Note that the returned data will contained a new column, d:tag, to easily check data type: valid (valid alert measurements), upperlim (upper limits), badquality (alert measurements that did not pass quality cuts).

import io
import requests
import pandas as pd
import matplotlib.pyplot as plt
import seaborn as sns

sns.set_context("talk")

# get data for ZTF21aaxtctv
r = requests.post(
    "https://fink-portal.org/api/v1/objects",
    json={"objectId": "ZTF21aaxtctv", "withupperlim": "True"},
)

# Format output in a DataFrame
pdf = pd.read_json(io.BytesIO(r.content))

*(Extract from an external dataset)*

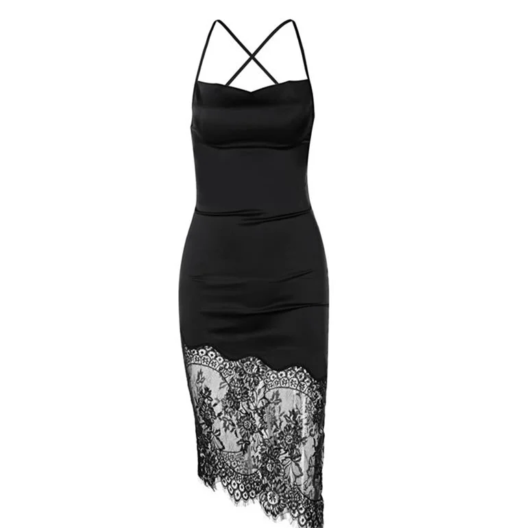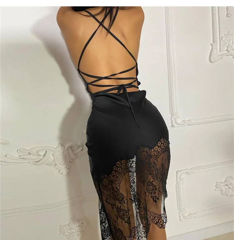 Женское кружевное платье Sibybo, черное, на тонких бретелях, с откр...
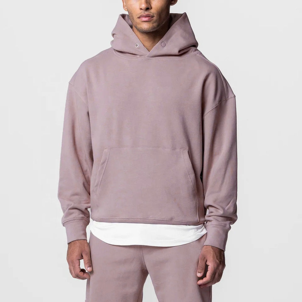 เสื้อมีฮู้ดผ้าฝ้ายสีดำแบบสวมหัวมีฮู้ดสำหรับผู้ชายโอเวอร์ไซซ์ผ้าเฟรนซ์เทอร์รี่โอเวอร์ไซส์ออกแบบได้ตามต้องการ

fig = plt.figure(figsize=(15, 6))

colordic = {1: "C0", 2: "C1"}
namedic = {1: "g", 2: "r"}

for filt in pdf["i:fid"].unique():
    mask_filt = pdf["i:fid"] == filt

    # The column `d:tag` is used to check data type
    mask_valid = pdf["d:tag"] == "valid"
    plt.errorbar(
        pdf[mask_valid & mask_filt]["i:jd"].apply(lambda x: x - 2400000.5),
        pdf[mask_valid & mask_filt]["i:magpsf"],
        pdf[mask_valid & mask_filt]["i:sigmapsf"],
        ls="",
        marker="o",
        color=colordic[filt],
        label="{} band".format(namedic[filt]),
    )

    mask_upper = pdf["d:tag"] == "upperlim"
    plt.plot(
        pdf[mask_upper & mask_filt]["i:jd"].apply(lambda x: x - 2400000.5),
        pdf[mask_upper & mask_filt]["i:diffmaglim"],
        ls="",
        marker="^",
        color=colordic[filt],
        markerfacecolor="none",
        label="{} band (upper limit)".format(namedic[filt]),
    )

    maskBadquality = pdf["d:tag"] == "badquality"
    plt.errorbar(
        pdf[maskBadquality & mask_filt]["i:jd"].apply(lambda x: x - 2400000.5),
        pdf[maskBadquality & mask_filt]["i:magpsf"],
        pdf[maskBadquality & mask_filt]["i:sigmapsf"],
        ls="",
        marker="v",
        color=colordic[filt],
        label="{} band (bad quality)".format(namedic[filt]),
    )

plt.gca().invert_yaxis()
plt.xlabel("Modified Julian Date")
plt.ylabel("Magnitude")
plt.legend()
plt.show()

sn_example

Cutouts

Finally, you can also request data from cutouts stored in alerts (science, template and difference). Simply set withcutouts to True in the json payload:

import requests
import pandas as pd
import matplotlib.pyplot as plt

# transfer cutout data
r = requests.post(
  "https://fink-portal.org/api/v1/objects",
  json={
    "objectId": "ZTF21aaxtctv",
    "withcutouts": True # (1)!
  }
)

# Format output in a DataFrame
pdf = pd.read_json(io.BytesIO(r.content))

columns = [
    "b:cutoutScience_stampData",
    "b:cutoutTemplate_stampData",
    "b:cutoutDifference_stampData"
]

for col in columns:
    # 2D array
    data = pdf[col].to_numpy()[0]

    # do whatever plotting

plt.show()
  1. By default this will download the 3 cutouts. You can also specify only one cutout by adding the argument cutout-kind:
    # transfer only science cutout data
    r = requests.post(
      "https://fink-portal.org/api/v1/objects",
      json={
        "objectId": "ZTF21aaxtctv",
        "withcutouts": True,
        "cutout-kind": "Science"
      }
    )
    

See here how we do in the Science Portal to display cutouts. Note that you need to flip the array to get the correct orientation on sky (data[::-1]).